## EXERCISE DIRECTIONS
Your task is to transcribe, word for word, the line containing "The Cece bag" and all lines that follow it to the end of the entries. Leave out the pictures.
##########
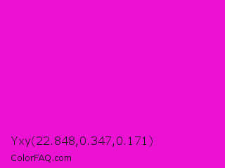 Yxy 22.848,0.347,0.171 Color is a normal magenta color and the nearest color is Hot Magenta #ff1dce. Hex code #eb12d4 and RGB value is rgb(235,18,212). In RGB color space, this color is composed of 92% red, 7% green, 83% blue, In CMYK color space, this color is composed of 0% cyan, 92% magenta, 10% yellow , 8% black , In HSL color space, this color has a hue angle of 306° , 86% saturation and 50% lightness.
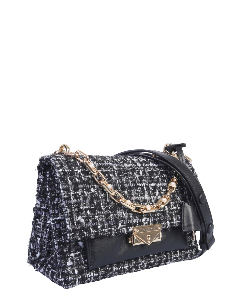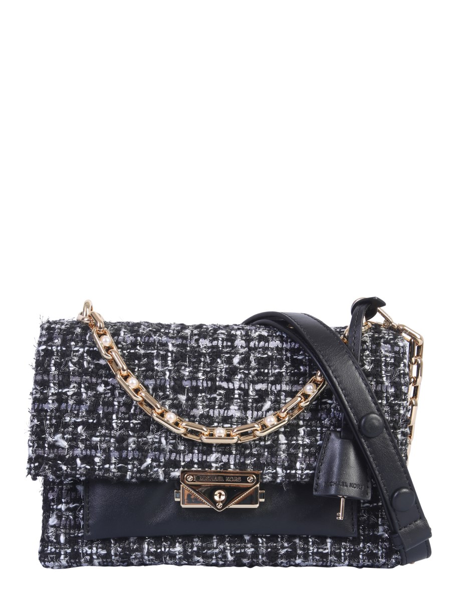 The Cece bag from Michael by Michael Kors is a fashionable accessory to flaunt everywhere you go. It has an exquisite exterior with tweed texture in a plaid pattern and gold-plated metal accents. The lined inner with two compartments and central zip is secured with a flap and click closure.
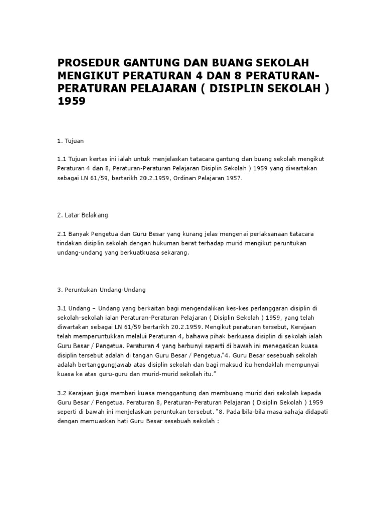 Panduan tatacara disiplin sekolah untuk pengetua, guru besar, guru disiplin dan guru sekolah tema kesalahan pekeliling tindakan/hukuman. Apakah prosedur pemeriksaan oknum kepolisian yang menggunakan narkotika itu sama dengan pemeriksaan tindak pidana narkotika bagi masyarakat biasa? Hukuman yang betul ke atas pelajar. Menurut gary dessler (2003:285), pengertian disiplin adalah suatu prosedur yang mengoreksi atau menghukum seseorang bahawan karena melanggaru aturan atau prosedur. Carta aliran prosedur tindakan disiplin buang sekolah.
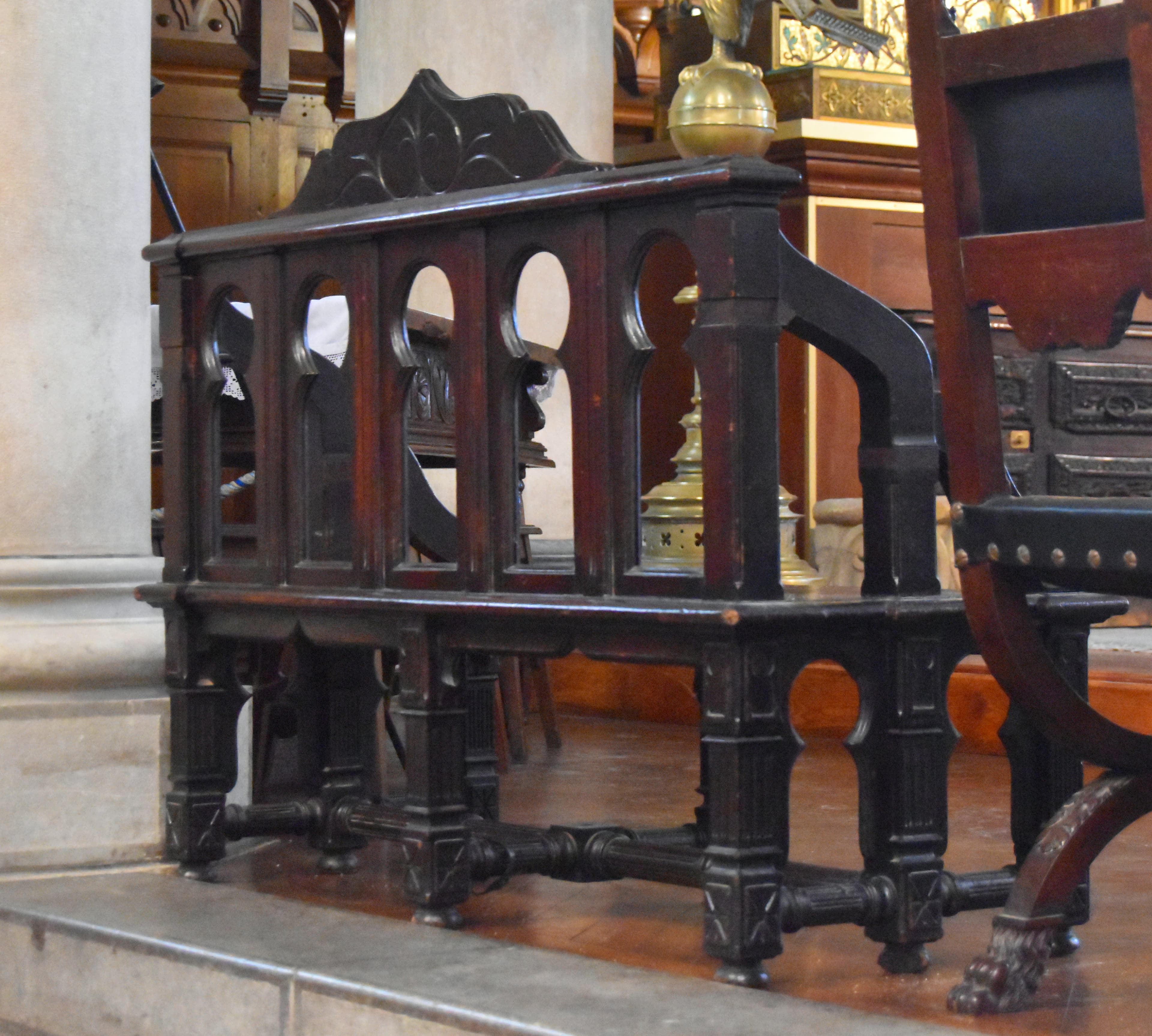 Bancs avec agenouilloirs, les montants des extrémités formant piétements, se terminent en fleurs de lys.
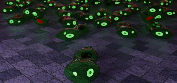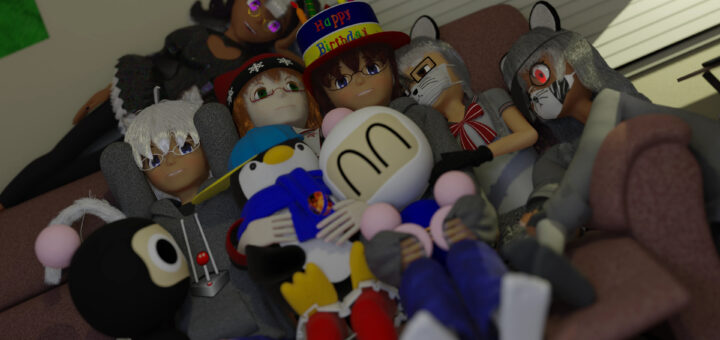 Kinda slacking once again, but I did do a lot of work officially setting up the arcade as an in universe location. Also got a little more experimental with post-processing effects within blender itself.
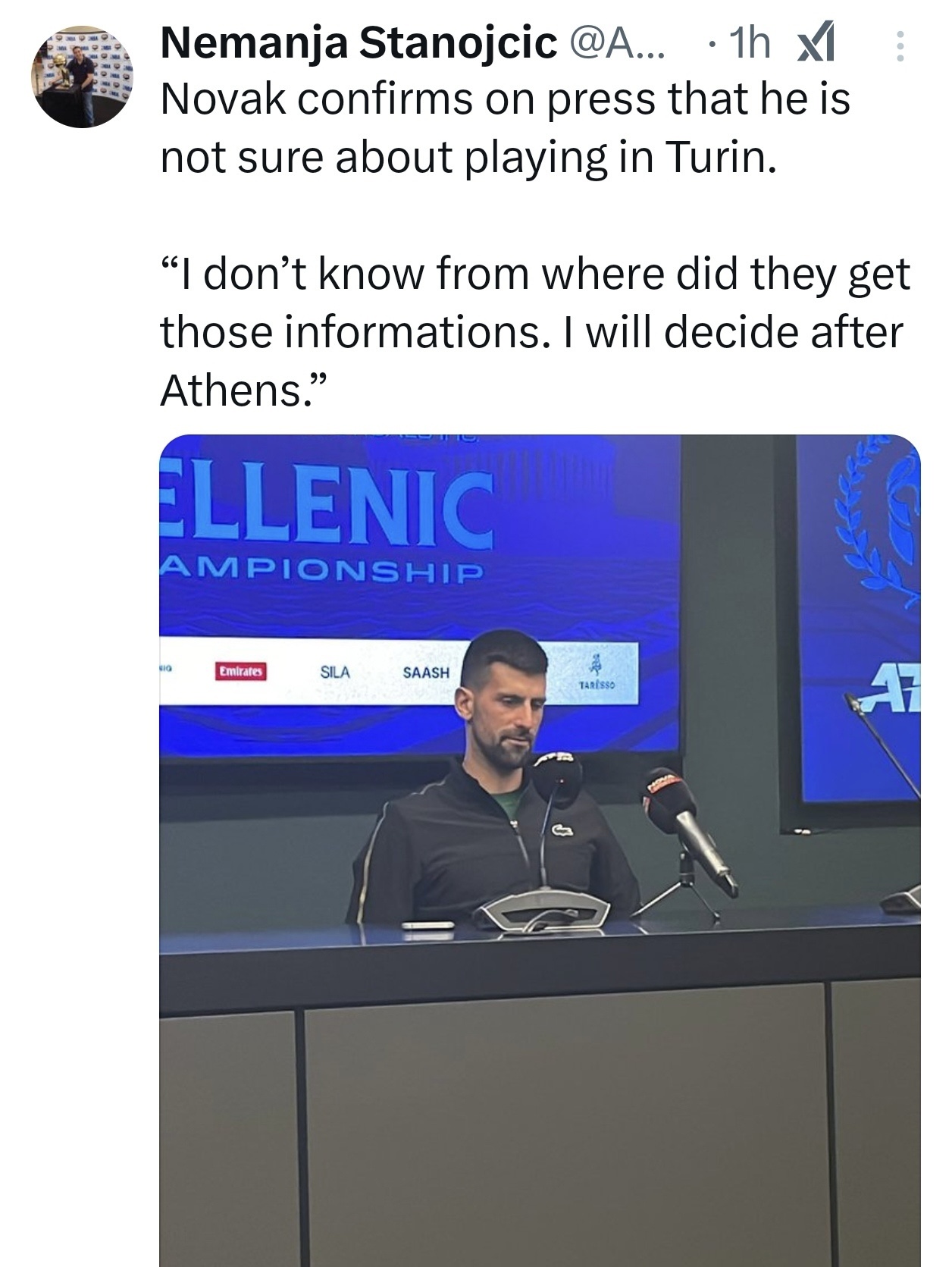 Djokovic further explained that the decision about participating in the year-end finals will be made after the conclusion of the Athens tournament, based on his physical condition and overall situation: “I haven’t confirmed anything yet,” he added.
##########
## OUTPUT BELOW
 The Cece bag from Michael by Michael Kors is a fashionable accessory to flaunt everywhere you go. It has an exquisite exterior with tweed texture in a plaid pattern and gold-plated metal accents. The lined inner with two compartments and central zip is secured with a flap and click closure.
 Panduan tatacara disiplin sekolah untuk pengetua, guru besar, guru disiplin dan guru sekolah tema kesalahan pekeliling tindakan/hukuman. Apakah prosedur pemeriksaan oknum kepolisian yang menggunakan narkotika itu sama dengan pemeriksaan tindak pidana narkotika bagi masyarakat biasa? Hukuman yang betul ke atas pelajar. Menurut gary dessler (2003:285), pengertian disiplin adalah suatu prosedur yang mengoreksi atau menghukum seseorang bahawan karena melanggaru aturan atau prosedur. Carta aliran prosedur tindakan disiplin buang sekolah.
 Bancs avec agenouilloirs, les montants des extrémités formant piétements, se terminent en fleurs de lys.
 Kinda slacking once again, but I did do a lot of work officially setting up the arcade as an in universe location. Also got a little more experimental with post-processing effects within blender itself.
 Djokovic further explained that the decision about participating in the year-end finals will be made after the conclusion of the Athens tournament, based on his physical condition and overall situation: “I haven’t confirmed anything yet,” he added.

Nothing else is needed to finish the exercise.